There are mutual effects between special roles and self-organization. Having more people in special roles outside teams leads to lower degree of self-organization in teams, which in return leads to more people in special roles. This is shown in the below diagram as a reinforcing loop. It could be either a virtuous cycle of leading to ever higher degree of self-organization in teams and ever fewer people in special roles, or a vicious cycle of leading to ever lower degree of self-organization in teams and ever more people in special roles.
If we elaborate on the links in both directions, we get the below diagram. Having fewer people in special roles opens up more space for teams to self-organize, leading to higher degree of self-organization in teams. This in turn decreases the need for special roles, leading to fewer people in special roles.
Of course, there are other factors too. We add a couple of more variables in the below diagram.

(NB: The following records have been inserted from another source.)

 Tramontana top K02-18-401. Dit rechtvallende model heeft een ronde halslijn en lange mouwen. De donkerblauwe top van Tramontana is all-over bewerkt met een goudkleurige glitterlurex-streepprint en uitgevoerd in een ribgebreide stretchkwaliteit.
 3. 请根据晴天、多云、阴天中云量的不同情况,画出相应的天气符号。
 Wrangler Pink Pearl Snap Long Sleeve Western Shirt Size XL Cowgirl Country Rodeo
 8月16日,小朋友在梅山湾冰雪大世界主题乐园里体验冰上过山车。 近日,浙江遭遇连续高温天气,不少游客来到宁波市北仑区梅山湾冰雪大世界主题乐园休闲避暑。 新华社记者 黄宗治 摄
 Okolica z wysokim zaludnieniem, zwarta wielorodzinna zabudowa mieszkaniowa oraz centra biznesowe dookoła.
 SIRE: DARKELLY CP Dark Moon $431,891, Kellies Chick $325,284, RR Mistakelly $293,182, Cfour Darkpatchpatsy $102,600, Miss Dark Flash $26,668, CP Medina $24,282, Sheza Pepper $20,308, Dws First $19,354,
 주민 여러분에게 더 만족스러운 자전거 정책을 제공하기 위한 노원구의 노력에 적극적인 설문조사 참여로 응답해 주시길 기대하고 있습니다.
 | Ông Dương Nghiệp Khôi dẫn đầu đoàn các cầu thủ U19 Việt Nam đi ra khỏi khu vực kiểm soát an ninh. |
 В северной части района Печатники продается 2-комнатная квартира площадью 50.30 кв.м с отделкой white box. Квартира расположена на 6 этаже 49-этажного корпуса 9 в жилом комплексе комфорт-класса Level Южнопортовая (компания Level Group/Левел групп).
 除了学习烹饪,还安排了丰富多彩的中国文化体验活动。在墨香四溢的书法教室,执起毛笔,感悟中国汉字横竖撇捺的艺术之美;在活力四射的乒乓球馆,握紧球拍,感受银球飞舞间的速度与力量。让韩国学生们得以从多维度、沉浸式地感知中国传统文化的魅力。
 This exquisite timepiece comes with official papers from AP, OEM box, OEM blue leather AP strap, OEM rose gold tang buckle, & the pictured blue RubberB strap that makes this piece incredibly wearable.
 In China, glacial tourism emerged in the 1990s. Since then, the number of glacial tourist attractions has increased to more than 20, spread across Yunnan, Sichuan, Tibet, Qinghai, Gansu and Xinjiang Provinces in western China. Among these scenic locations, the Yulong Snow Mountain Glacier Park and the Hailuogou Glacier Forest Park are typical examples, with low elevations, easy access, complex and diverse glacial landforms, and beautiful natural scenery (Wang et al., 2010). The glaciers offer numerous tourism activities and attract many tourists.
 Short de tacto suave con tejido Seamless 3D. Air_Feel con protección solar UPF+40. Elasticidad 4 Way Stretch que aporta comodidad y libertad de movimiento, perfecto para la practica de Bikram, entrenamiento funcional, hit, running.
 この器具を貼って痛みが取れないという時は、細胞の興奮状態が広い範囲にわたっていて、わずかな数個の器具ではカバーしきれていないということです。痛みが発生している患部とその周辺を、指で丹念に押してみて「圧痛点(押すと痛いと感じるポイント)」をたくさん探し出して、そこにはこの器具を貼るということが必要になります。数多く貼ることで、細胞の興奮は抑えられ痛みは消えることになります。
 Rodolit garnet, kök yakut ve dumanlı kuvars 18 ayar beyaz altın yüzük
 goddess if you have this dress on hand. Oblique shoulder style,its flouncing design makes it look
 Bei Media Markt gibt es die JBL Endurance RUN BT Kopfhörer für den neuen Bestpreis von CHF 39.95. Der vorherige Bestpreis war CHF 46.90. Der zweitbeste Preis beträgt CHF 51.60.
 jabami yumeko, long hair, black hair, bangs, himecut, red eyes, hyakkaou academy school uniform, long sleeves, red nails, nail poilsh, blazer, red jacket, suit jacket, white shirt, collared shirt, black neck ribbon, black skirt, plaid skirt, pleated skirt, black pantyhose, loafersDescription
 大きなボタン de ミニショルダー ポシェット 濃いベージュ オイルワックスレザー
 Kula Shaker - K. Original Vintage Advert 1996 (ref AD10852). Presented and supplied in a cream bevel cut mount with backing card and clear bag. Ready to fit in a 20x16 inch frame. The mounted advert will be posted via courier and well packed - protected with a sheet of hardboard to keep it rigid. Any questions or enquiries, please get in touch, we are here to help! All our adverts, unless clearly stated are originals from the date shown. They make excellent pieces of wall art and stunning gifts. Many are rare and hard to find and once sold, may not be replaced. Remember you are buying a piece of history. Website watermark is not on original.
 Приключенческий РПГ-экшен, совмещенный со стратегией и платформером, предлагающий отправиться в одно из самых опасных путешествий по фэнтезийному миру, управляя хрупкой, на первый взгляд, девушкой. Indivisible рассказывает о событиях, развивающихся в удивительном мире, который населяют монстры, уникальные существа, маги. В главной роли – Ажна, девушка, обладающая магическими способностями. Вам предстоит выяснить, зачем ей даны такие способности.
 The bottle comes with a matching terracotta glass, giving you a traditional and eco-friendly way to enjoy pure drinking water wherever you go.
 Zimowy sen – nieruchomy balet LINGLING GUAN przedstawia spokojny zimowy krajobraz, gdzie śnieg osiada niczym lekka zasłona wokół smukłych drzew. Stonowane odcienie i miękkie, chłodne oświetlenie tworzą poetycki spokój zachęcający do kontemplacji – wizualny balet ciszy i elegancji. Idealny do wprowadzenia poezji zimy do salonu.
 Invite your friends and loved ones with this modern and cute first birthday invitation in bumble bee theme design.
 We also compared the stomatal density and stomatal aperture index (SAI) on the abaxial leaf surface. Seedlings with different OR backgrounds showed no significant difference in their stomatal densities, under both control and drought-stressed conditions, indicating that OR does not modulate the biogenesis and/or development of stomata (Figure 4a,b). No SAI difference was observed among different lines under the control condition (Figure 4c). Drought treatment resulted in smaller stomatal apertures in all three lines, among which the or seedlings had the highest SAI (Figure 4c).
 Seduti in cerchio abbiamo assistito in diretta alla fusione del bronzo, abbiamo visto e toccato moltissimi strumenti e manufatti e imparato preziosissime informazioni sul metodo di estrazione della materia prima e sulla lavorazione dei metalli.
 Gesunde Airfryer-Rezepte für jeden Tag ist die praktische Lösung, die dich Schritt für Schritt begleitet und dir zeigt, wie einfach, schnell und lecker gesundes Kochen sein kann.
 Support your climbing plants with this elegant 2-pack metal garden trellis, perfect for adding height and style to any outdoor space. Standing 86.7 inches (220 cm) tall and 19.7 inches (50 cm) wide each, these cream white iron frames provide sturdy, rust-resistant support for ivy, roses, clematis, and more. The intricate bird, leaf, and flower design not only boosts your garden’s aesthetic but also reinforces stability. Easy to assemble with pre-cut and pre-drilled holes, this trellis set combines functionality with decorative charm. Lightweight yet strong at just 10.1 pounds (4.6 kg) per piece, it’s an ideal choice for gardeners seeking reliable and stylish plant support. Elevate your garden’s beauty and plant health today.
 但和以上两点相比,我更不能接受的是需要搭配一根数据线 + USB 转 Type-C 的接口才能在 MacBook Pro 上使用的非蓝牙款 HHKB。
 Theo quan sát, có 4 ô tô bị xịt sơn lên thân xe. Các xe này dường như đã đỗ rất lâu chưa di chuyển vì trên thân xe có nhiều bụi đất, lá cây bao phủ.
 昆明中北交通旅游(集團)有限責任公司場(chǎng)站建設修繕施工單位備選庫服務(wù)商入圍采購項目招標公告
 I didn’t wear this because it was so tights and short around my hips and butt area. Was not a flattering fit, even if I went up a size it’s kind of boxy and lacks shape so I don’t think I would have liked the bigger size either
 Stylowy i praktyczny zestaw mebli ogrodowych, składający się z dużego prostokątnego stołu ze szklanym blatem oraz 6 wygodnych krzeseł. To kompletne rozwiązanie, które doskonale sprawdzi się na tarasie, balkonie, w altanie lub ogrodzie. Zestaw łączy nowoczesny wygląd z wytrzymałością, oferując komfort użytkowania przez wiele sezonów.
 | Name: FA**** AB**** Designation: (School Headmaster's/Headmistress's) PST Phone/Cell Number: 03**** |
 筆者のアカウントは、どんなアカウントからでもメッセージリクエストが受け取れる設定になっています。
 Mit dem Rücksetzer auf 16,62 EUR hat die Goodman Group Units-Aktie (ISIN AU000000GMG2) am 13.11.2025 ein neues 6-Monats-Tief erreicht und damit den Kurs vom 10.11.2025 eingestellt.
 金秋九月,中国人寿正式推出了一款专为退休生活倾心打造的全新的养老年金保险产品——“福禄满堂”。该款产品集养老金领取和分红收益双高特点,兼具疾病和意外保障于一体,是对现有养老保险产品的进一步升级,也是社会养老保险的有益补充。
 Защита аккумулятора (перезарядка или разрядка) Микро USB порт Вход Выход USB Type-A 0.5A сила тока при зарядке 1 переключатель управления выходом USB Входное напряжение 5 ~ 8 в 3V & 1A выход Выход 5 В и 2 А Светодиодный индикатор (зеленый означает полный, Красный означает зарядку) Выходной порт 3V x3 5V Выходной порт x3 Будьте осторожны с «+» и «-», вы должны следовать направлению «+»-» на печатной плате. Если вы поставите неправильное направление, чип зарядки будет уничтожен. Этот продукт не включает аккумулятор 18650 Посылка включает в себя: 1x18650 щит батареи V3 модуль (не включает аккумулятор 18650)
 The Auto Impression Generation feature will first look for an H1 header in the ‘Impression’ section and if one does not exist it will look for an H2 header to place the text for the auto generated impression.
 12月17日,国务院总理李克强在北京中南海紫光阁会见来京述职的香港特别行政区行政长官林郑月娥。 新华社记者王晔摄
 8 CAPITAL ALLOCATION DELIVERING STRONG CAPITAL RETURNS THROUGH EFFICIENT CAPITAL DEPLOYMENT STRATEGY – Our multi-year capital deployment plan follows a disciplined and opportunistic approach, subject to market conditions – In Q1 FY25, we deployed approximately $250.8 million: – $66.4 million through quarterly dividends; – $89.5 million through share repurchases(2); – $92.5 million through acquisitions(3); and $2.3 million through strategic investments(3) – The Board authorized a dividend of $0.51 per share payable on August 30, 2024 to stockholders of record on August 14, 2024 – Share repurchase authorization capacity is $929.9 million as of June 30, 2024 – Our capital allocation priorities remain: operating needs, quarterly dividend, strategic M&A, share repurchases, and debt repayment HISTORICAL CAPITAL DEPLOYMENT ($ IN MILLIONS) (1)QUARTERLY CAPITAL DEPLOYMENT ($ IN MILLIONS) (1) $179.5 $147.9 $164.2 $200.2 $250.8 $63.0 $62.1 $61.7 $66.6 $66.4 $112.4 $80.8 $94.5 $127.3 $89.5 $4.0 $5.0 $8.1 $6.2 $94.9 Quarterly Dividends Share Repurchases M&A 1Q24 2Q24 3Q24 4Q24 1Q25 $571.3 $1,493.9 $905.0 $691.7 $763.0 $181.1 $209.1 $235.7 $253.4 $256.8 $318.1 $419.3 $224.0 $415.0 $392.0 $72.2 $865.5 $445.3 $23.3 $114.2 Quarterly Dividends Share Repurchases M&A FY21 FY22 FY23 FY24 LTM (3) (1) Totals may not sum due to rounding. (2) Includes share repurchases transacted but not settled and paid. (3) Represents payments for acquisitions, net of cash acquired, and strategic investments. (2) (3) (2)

- Job safety: when job safety is low, even if the need for special roles is little, people would still fight hard to keep their special roles so as to keep the job.
- Coaching effectiveness: when coaching effectiveness is low, even if much space has been created for teams, they would still be unable to reach high degree of self-organization.
By now, we have explained why %(people in special roles) would be a good indicator for the degree of self-organization in teams.
Its reality and goal
In reality, many large-scale organizations have a much higher value in this measure. Besides those in LeSS organizations, they may have more of the below special roles.
- business analyst, including those in the name of team PO
- project manager, including those in the name of SM
- technical leader or architect
- team leader, in addition to SM and manager
What these special roles are doing largely belongs to the scope of self-organizing teams. The most helpful way to proceed is for them to join feature teams, as team members. In fact, this is what is going to happen in LeSS adoptions - simplify the organization to scale up.
Are we going to further reduce special roles after adopting LeSS? In LeSS organizations, self-organizing teams are the basic building block, while special roles are mainly in two kinds.
- PO for product vision and direction. If we consider shared vision, it is possible that vision is co-created by teams and product community. See more in Shared vision on product.
- SM and manager for team and organizational capability improvement, as coaches and facilitators. Even with team maturing, it is very likely that they still benefit from having some coaches and facilitators around every now and then, if not all the time.
Therefore, the goal is to have low - perhaps not zero - %(people in special roles) outside teams, and have high degree of self-organization in teams.
Experiments are at the heart of LeSS
Frameworks as starting point
If you look at the LeSS complete picture, you see that the frameworks - defined by the rules - and the principles are at the heart of LeSS. However, this is not completely true.
In fact, the LeSS frameworks emerged out of the experiments, in response to the need of novice group in large-scale product development domain. In the first two LeSS books, hundreds of concrete experiments are shared. Those experiments are insightful but do not fit for novice group. We may start from the frameworks, then still move towards experiments. Therefore, experiments are really at the heart of LeSS.
Then, what is the essence of experiments? How do they differ from best practices and patterns?
Best practices and patterns
At a glance, experiments look similar to best practices. The below is the description for best practice in Wikipedia.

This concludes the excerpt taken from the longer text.